“The algorithm isn’t mysterious. It has one job: keep people on the platform. Once you understand that, everything else follows.”
— Varun Mayya
One Goal: Session Time
YouTube’s business model is simple: show ads to viewers. To show more ads, they need viewers to watch more. The algorithm’s entire purpose is to maximize how long people stay on the platform.
This means the algorithm promotes content that:
- Gets clicked (brings viewers to the platform)
- Gets watched (keeps viewers on the platform)
- Leads to more watching (triggers more sessions)

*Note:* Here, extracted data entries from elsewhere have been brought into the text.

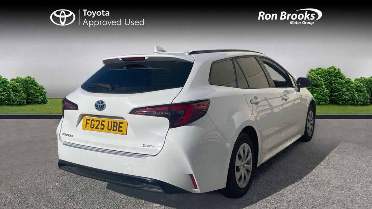 This 2025 Toyota Corolla is a Toyota manufacturer approved vehicle with a full service history and only one owner from new, offering peace of mind. This 1.8 VVT-h CVT Euro 6 (s/s) 5dr model boasts a 1.8L Petrol Hybrid Engine, combining efficiency with performance. Inside, you'll find an 8in Multimedia Display with DAB and Bluetooth, along with smartphone integration for Apple CarPlay and Android Auto, keeping you connected on the go. Enjoy added comfort with heated driver and front passenger seats, and benefit from the convenience of a reversing camera with static guide lines for easier parking.The impressive 138 bhp engine power indicates this Corolla offers a more dynamic driving experience compared to other vehicles in its class. Furthermore, the substantial cargo volume of 1606 litres highlights its practicality, providing ample space for all your needs. This vehicle also comes with a 12 month warranty, further enhancing its appeal.-Toyota Approved-FSH-1 Owner-Ron Brooks Toyota Used Cars, 145 Point Check, Prepared to Toyota Standards & 1 Year Toyota Warranty
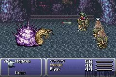 如果少女没有被打成战斗不能的话,可以使用魔导甲攻击的最后一个选项,导弹攻击,一次可以打击头部大约400多一点的HP,BOSS总共HP是1600,所以基本上三四轮打击过后就结束了。消灭蜗牛后进入矿井,发现幻兽之后神秘少女跟幻兽产生了共鸣,维奇和比克斯受不了这巨大的共鸣而被无情地消灭,神秘少女随即也昏了过去……
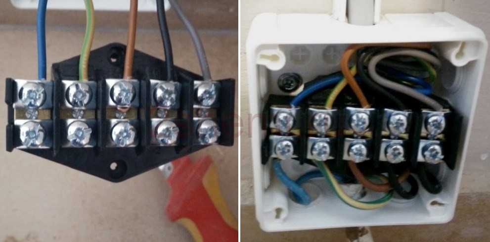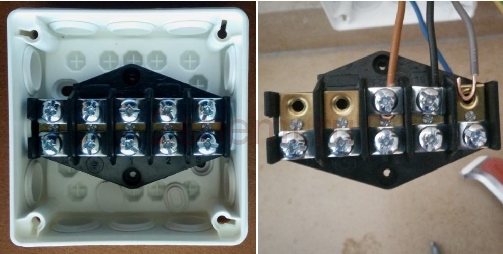 Чтоб провода не натягивались, лучше сделать петли на концах проводов (рисунок справа) при подключении. Как видите на приведенных выше рисунках, использована специальная клеммная колодка с винтовыми клеммами для трехфазных проводников, нейтрального и защитного проводника. Её преимуществом является то, что после открытия крышки можно увидеть все что в ней связано.
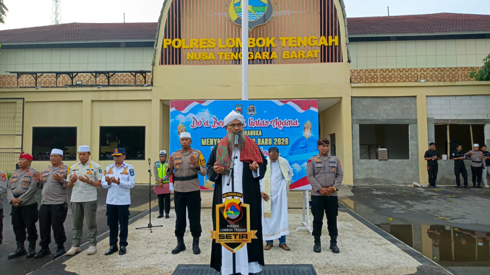 Kegiatan doa bersama ini dihadiri oleh Wakapolres, Pejabat Utama Polres Lombok Tengah, personel Polres dan Polsek jajaran, tokoh agama dari berbagai agama, serta instansi terkait.
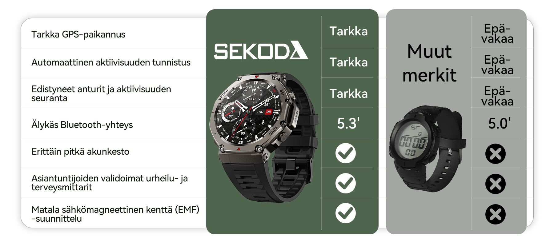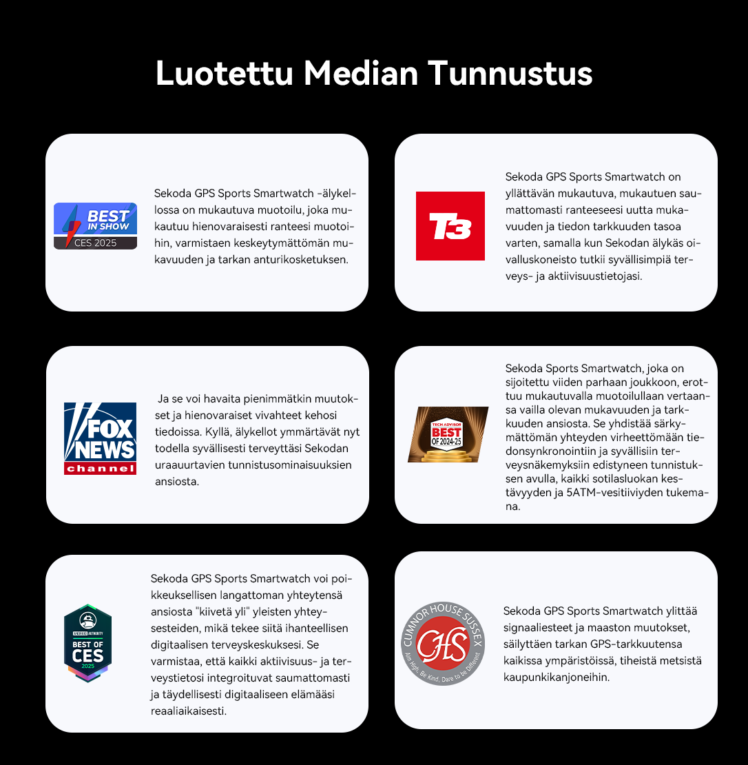 Sekoda urheilusmartwatch tarjoaa laajan valikoiman mukautettavia kellotauluja. Minimalistisesta liike-elämän tyylistä trendikkääseen ja siistiin, ja yksityiskohtaisista kuntotiedoista taiteellisiin esteettisiin ratkaisuihin – voit vaihtaa niitä milloin tahansa saadaksesi uuden ilmeen joka päivä. Kellostasi ei ole enää vain ajanmittari; se on ainutlaatuinen tyylitunnuksesi. Sano hyvästit "yhden koon kaikille" -ulkoasuille ja anna kellotaulusi kertoa tarinasi.

The Key Metrics YouTube Watches
- Click-Through Rate (CTR): What percentage of people who see your video click on it
- Average View Duration (AVD): How long people watch on average
- Average Percentage Viewed (APV): What portion of your video they watch
- Session Time: How much total YouTube time your video triggers
The Algorithm’s Testing Process
When you publish a video, YouTube shows it to a small sample of your subscribers and people with relevant interests. Based on how that sample responds, YouTube decides whether to push it wider.
The testing stages:
- Stage 1: Shown to ~100-500 people (often subscribers)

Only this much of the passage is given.